| PROBLEM STATEMENT |
Write out the entries exactly, pictures excluded.

-.-.-

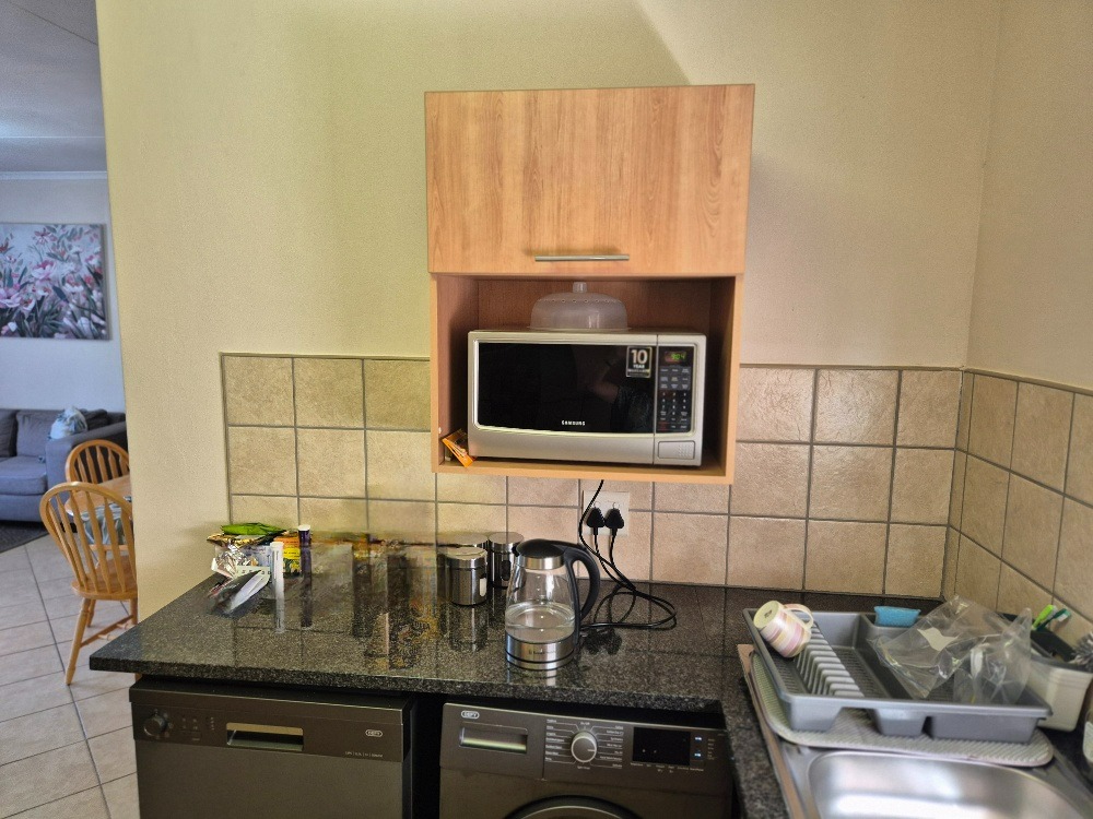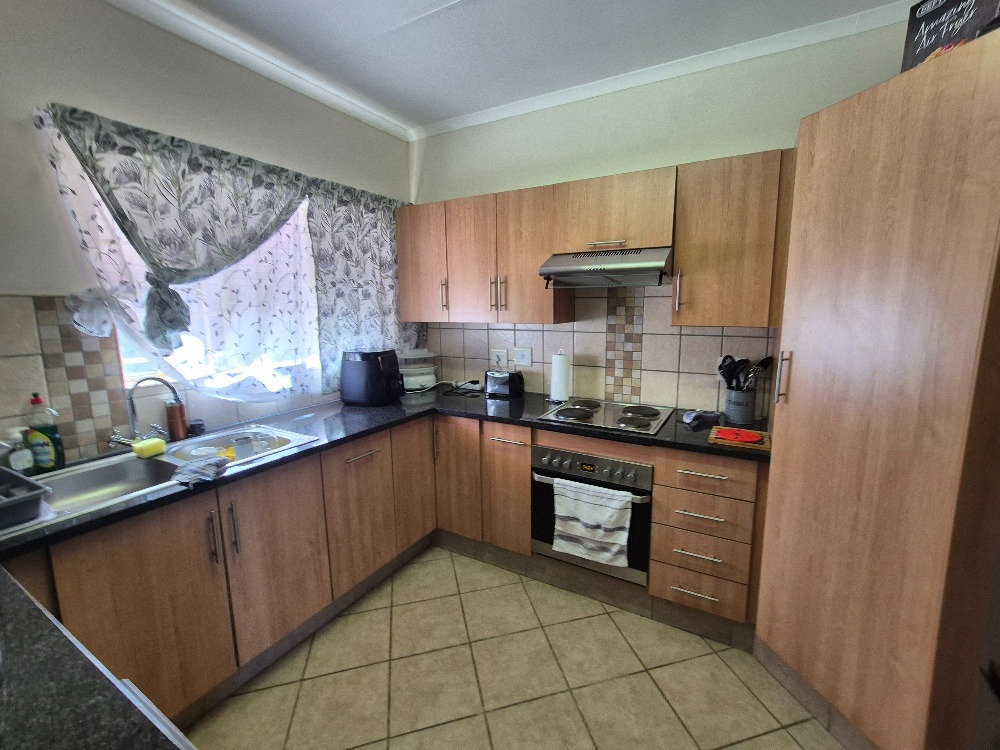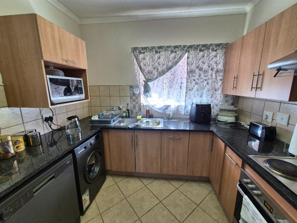 Discover comfortable living in this modern 2-bedroom, 1-bathroom rental unit, spanning 98 square metres, located within a secure complex in Olympus AH, Pretoria. The open-plan design seamlessly connects the living areas, featuring durable tiled flooring and neutral wall colours for a versatile aesthetic. The functional kitchen boasts light wooden cabinetry, granite countertops, and is well-equipped with an integrated oven, hob, extractor fan, and a double sink. The convenience of integrated washing machine and dishwasher connections, enhancing daily functionality.
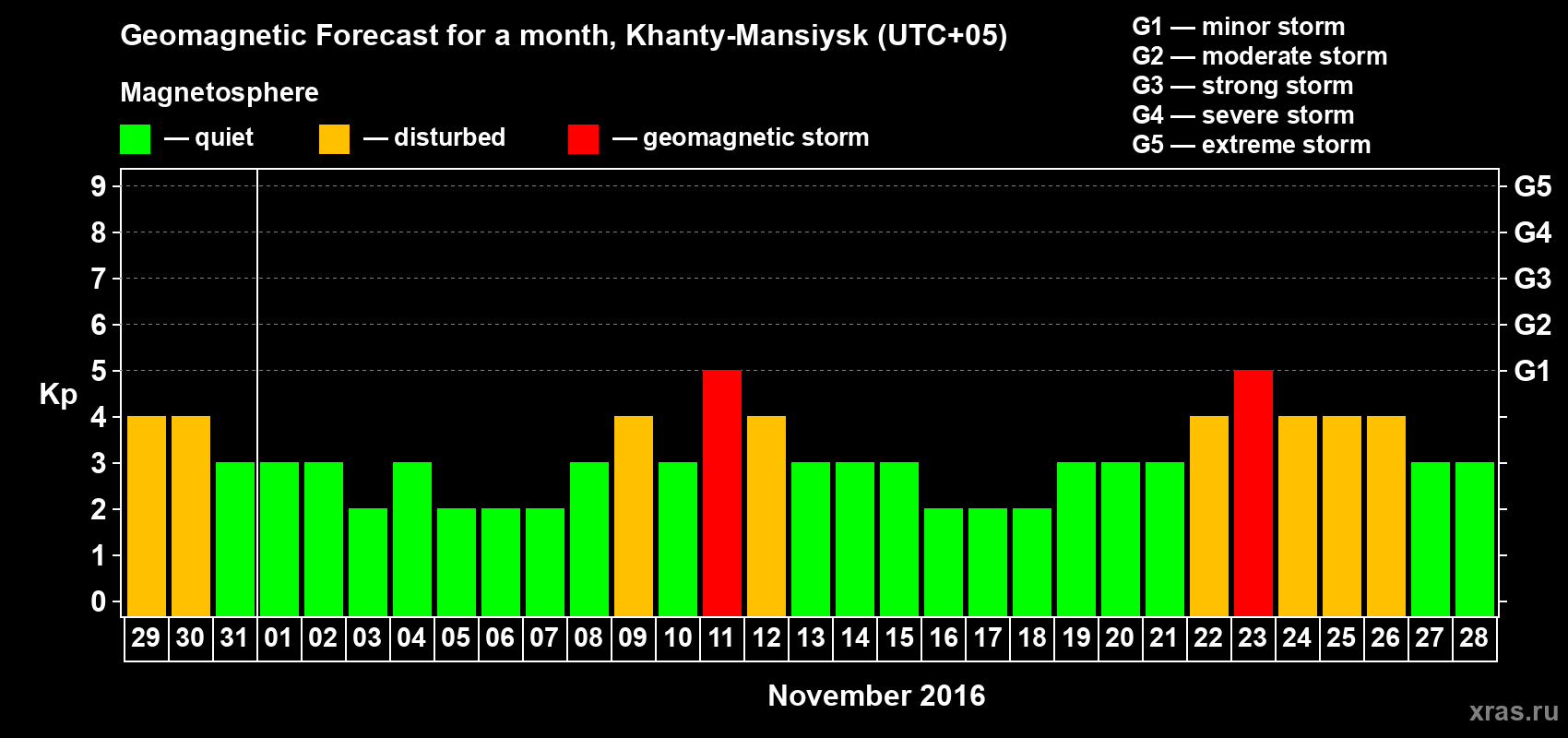 Geomagnetic storm forecast in Khanty-Mansiysk for Oct 29, 2016
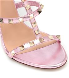 Product Name: Valentino Garavani Rockstud Ice-pink Metallic Leather Sandals 100mm Giacinto
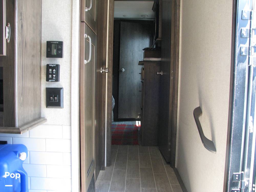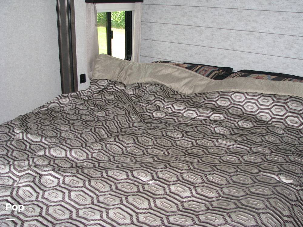 Inside, you'll find a well-designed living area that feels more like a chic apartment than an RV. The kitchen is equipped with all the essentials, including a fridge, stove, and microwave, making meal prep a breeze. The living space is perfect for unwinding, with comfy seating and a flat-screen TV for those movie nights under the stars. The bedroom offers a plush queen-sized bed, ensuring a restful night's sleep, while the convertible sofa provides extra sleeping space for guests.
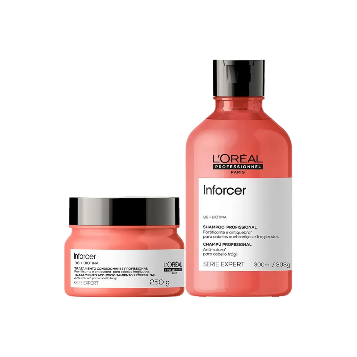 O Kit Inforcer L'Oréal Professionnel Shampoo Antiquebra + Máscara Capilar de Tratamento foi especialmente desenvolvido para tratar cabelos fracos, frágeis e danificados. O shampoo fortalece a fibra capilar desde a raiz, reduzindo a quebra e promovendo o crescimento saudável, enquanto a máscara nutre profundamente a fibra capilar, estimulando o crescimento saudável e deixando os cabelos visivelmente mais resistentes e saudáveis.
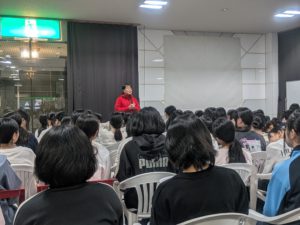 夕食後には全体でのミーティングが実施され、スキーに関する基礎知識や理論について学びました。明日から始まる本格的な講習に向けて、一つひとつ吸収していってほしいと思います。
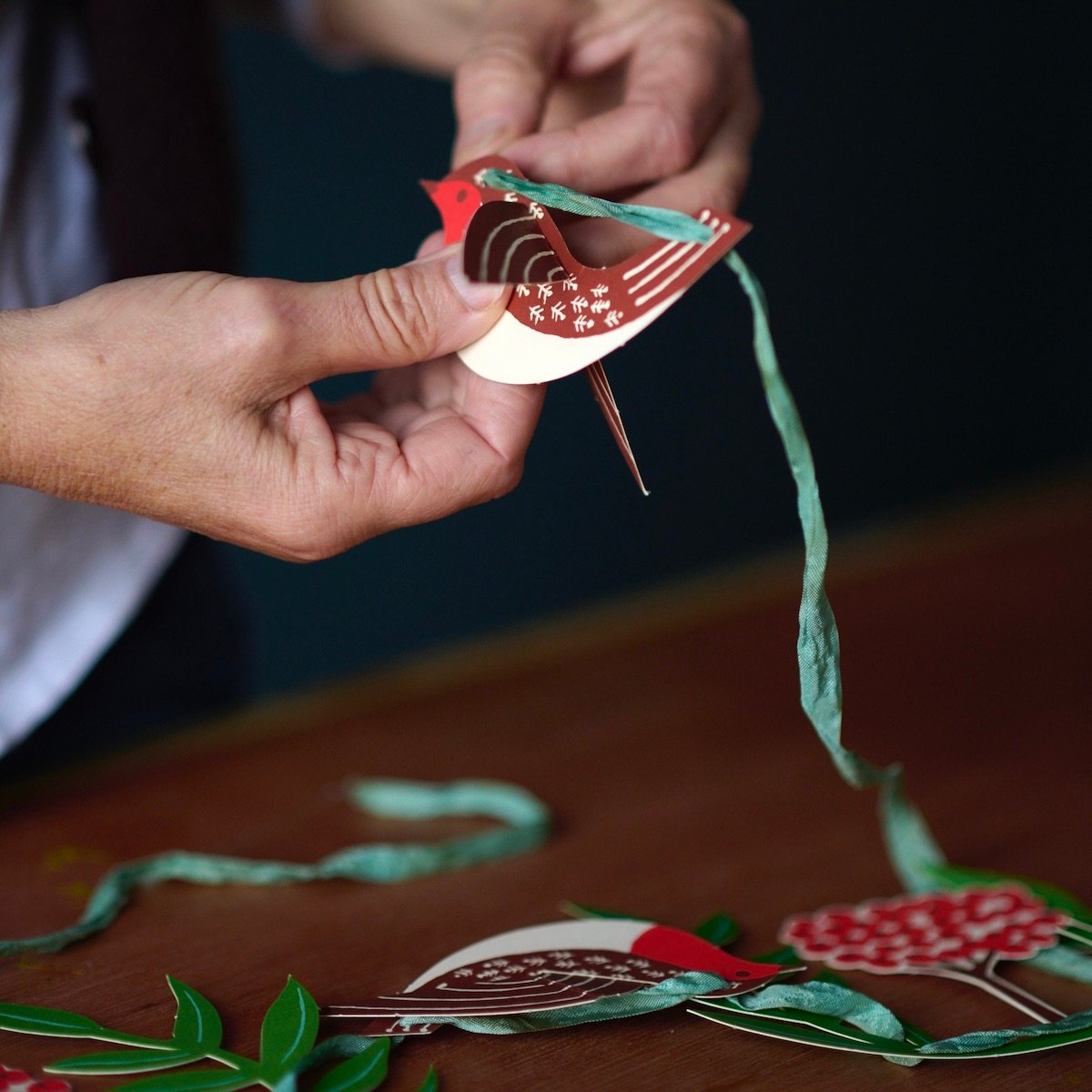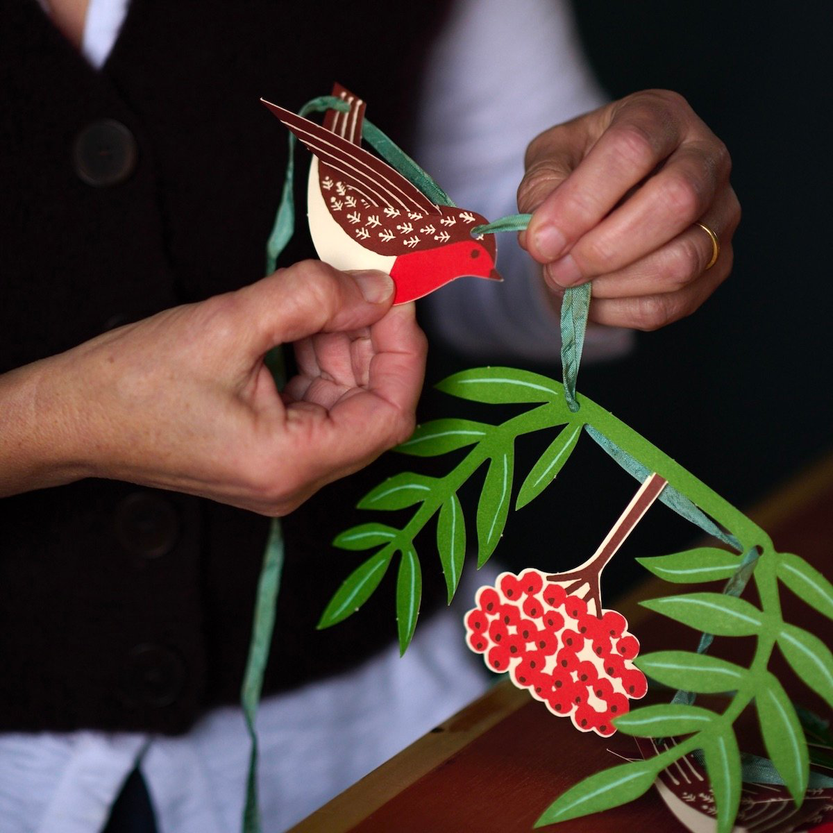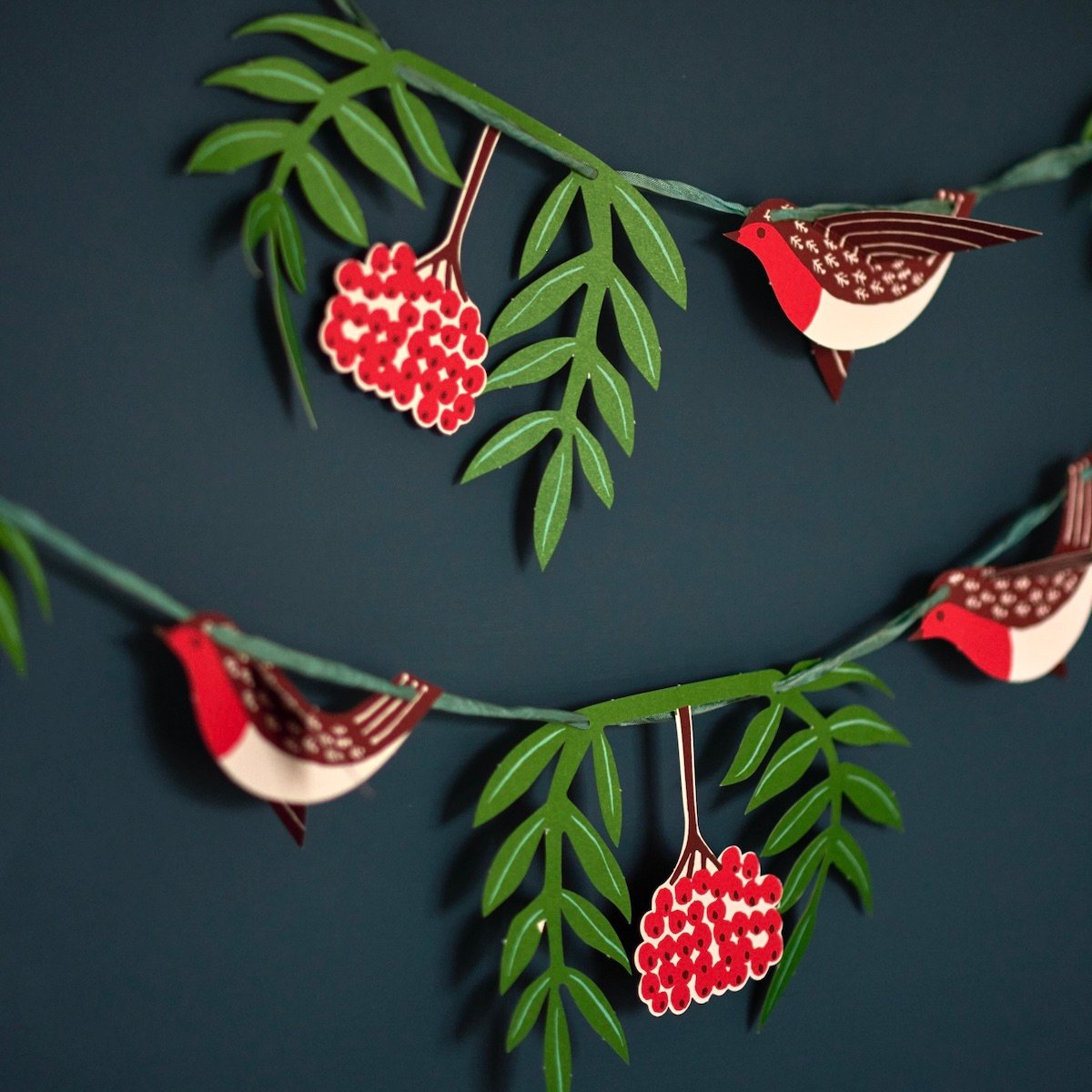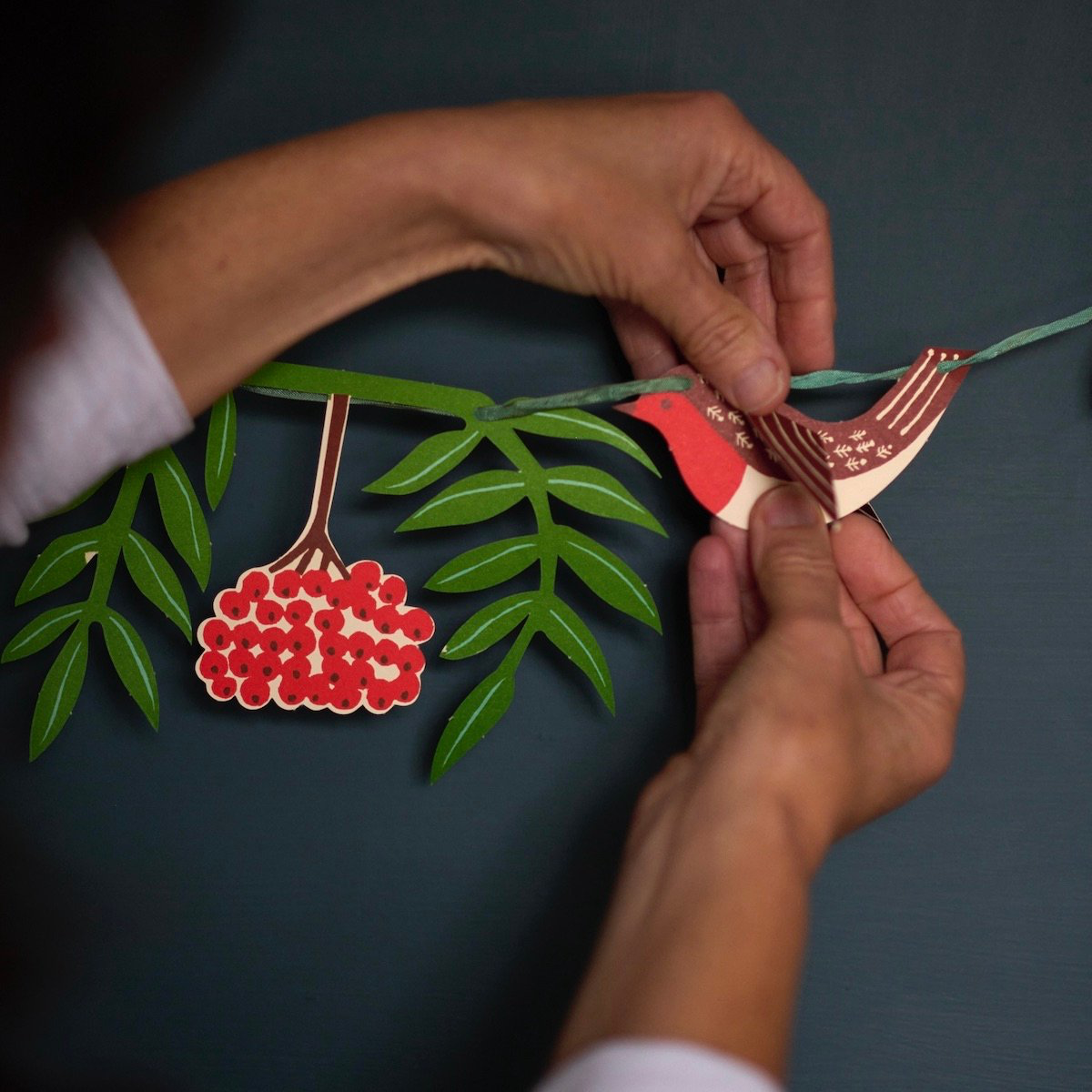 Six sprigs of rowan leaves and berries and eight very charming three-dimensional robins contained in a self-closing card wallet for long term storage. Pop out and string together on yarn or ribbon of your choice. The leaves and birds make approximately 2-3 metres of garland, depending on how closely they are strung together. Thread is not included. (The ribbon shown in the pictures is our Peacock vintage-style ribbon, available separately.)
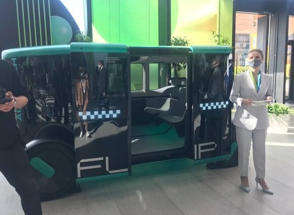 Компания «Сбер-Автотех», входящая в экосистему «Сбера», представила на ПМЭФ-2021 прототип полностью автономного электрического транспорта собственной разработки под названием «ФЛИП». Посетители петербургского форума смогли ознакомится с шестиместным беспилотным транспортным средством. Платформа для электромобиля является собственной разработкой компании. Она имеет модуль сменных батарей питания, электродвигатель и систему распознавания лиц. Кроме того, компоновка «ФЛИПа» позволяет использовать также газ и водород в качестве источника энергии. Испытать в действии беспилотник от «Сбера» гостям форума не удалось, организаторы ПМЭФ-2021 запретили транспортному средству передвигаться по площадкам. Разработчик «Сбер-Автотех» предлагали заинтересованным посетителям только посидеть внутри автономного электромобиля, который возможно в будущем появится на российских дорогах в качестве роботакси или беспилотного постамата.

-.-.-

| EXERCISE RESPONSE |
 Discover comfortable living in this modern 2-bedroom, 1-bathroom rental unit, spanning 98 square metres, located within a secure complex in Olympus AH, Pretoria. The open-plan design seamlessly connects the living areas, featuring durable tiled flooring and neutral wall colours for a versatile aesthetic. The functional kitchen boasts light wooden cabinetry, granite countertops, and is well-equipped with an integrated oven, hob, extractor fan, and a double sink. The convenience of integrated washing machine and dishwasher connections, enhancing daily functionality.
 Geomagnetic storm forecast in Khanty-Mansiysk for Oct 29, 2016
 Product Name: Valentino Garavani Rockstud Ice-pink Metallic Leather Sandals 100mm Giacinto
 Inside, you'll find a well-designed living area that feels more like a chic apartment than an RV. The kitchen is equipped with all the essentials, including a fridge, stove, and microwave, making meal prep a breeze. The living space is perfect for unwinding, with comfy seating and a flat-screen TV for those movie nights under the stars. The bedroom offers a plush queen-sized bed, ensuring a restful night's sleep, while the convertible sofa provides extra sleeping space for guests.
 O Kit Inforcer L'Oréal Professionnel Shampoo Antiquebra + Máscara Capilar de Tratamento foi especialmente desenvolvido para tratar cabelos fracos, frágeis e danificados. O shampoo fortalece a fibra capilar desde a raiz, reduzindo a quebra e promovendo o crescimento saudável, enquanto a máscara nutre profundamente a fibra capilar, estimulando o crescimento saudável e deixando os cabelos visivelmente mais resistentes e saudáveis.
 夕食後には全体でのミーティングが実施され、スキーに関する基礎知識や理論について学びました。明日から始まる本格的な講習に向けて、一つひとつ吸収していってほしいと思います。
 Six sprigs of rowan leaves and berries and eight very charming three-dimensional robins contained in a self-closing card wallet for long term storage. Pop out and string together on yarn or ribbon of your choice. The leaves and birds make approximately 2-3 metres of garland, depending on how closely they are strung together. Thread is not included. (The ribbon shown in the pictures is our Peacock vintage-style ribbon, available separately.)
 Компания «Сбер-Автотех», входящая в экосистему «Сбера», представила на ПМЭФ-2021 прототип полностью автономного электрического транспорта собственной разработки под названием «ФЛИП». Посетители петербургского форума смогли ознакомится с шестиместным беспилотным транспортным средством. Платформа для электромобиля является собственной разработкой компании. Она имеет модуль сменных батарей питания, электродвигатель и систему распознавания лиц. Кроме того, компоновка «ФЛИПа» позволяет использовать также газ и водород в качестве источника энергии. Испытать в действии беспилотник от «Сбера» гостям форума не удалось, организаторы ПМЭФ-2021 запретили транспортному средству передвигаться по площадкам. Разработчик «Сбер-Автотех» предлагали заинтересованным посетителям только посидеть внутри автономного электромобиля, который возможно в будущем появится на российских дорогах в качестве роботакси или беспилотного постамата.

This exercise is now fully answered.